Boots has nearly doubled the value of its proposed pay package for employees as remuneration negotiations continue, the Pharmacists’ Defence Association Union (PDAU) has said.
The offer comes after negotiations over employees’ pay were referred to the Advisory, Conciliation and Arbitration Service (ACAS) on 18 November 2021.
In October 2021, the PDAU, which has represented the 6,000 pharmacists employed by Boots since July 2019, said the multiple had offered its employees a pay package valued by Boots at 3.25%.
However, the package, which included a 2% pay increase, was “overwhelmingly” rejected by Boots pharmacists.
In a statement to The Pharmaceutical Journal on 6 December 2021, Paul Day, director of the PDAU, said the multiple’s pay offer “is always going to be more than the universal rate of increase on pay, and our original claim, and the company’s offers talk about other aspects too”.
“The other aspects of the company’s [new] offer make the total cost to them … almost twice the cost of their initial position at the start of the talks,” Day said.
“However, for most pharmacists within the bargaining unit, it still means another sub-inflation increase and therefore a further reduction in the purchasing power of their reward, even though for some the offer, if implemented, would be higher than that.”
He added that the offer is “now with PDA members at Boots to collectively determine the union’s response”.
The PDAU has previously said it aims to secure an increase in pay above inflation for everyone covered by the negotiations and warned that PDA members at Boots could consider industrial action in response to the multiple’s pay offer.
“Obviously patient safety will always come first for health professionals, but other professions have found ways to take action and, although this would be a first for pharmacists at Boots, it must be possible,” Day said.
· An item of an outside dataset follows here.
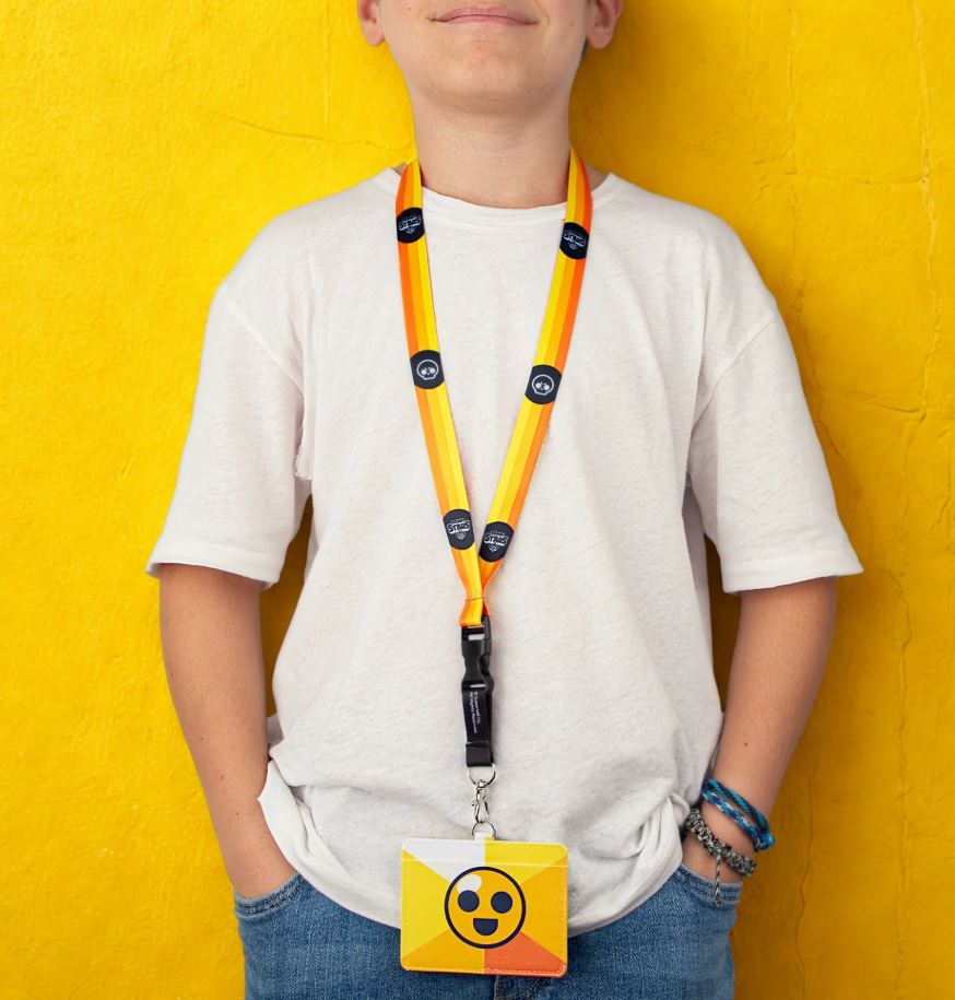 Etui na karty dla wszystkich miłośników gry Brawl Stars! Fikuśny portfelik zaprojektowany został na wzór popularnego motywu Starr Drop - jest żółtego koloru z nadrukowaną uśmiechniętą buzią na środku. Etui posiada dwie kieszonki - jedna z nich jest przezroczysta, więc z powodzeniem sprawdzi się do przechowywania legitymacji czy identyfikatora. Smycz można łatwo odpiąć, jednak doskonale służy do zakładania na szyję - jest żółto-pomarańczowego koloru z czarnymi nadrukami.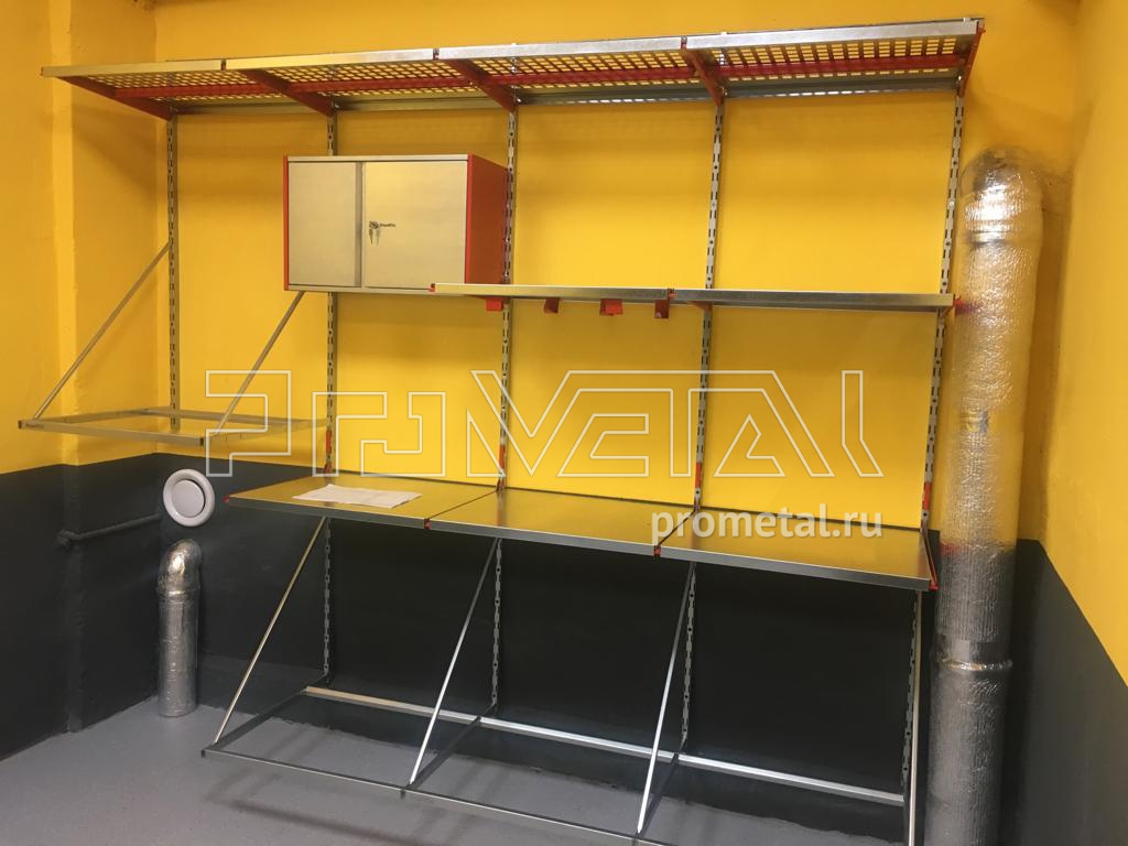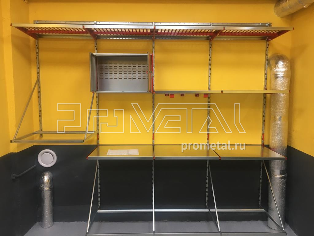 2 комплекта колес храним на подвесах. Над колесами предусмотрели полки глубиной 520мм, верхний ряд полок с перфорацией. Также в проекте предусмотрели шкафчик с замком.

“If workers withdraw their labour and go on strike, they are obviously not paid and so lose income. However, other forms of industrial action can be along the lines of strictly enforcing rules without the added flexibility that workers normally give to their employers, [the] so called ‘work to rule’.”
The Guild of Healthcare Pharmacists, which represents hospital pharmacists, told The Pharmaceutical Journal in October 2021 that it would encourage its members to join any industrial action over the government’s offer of a 3% pay rise for NHS staff.
A spokesperson for Boots said it did not want to provide a comment while the negotiations process was ongoing.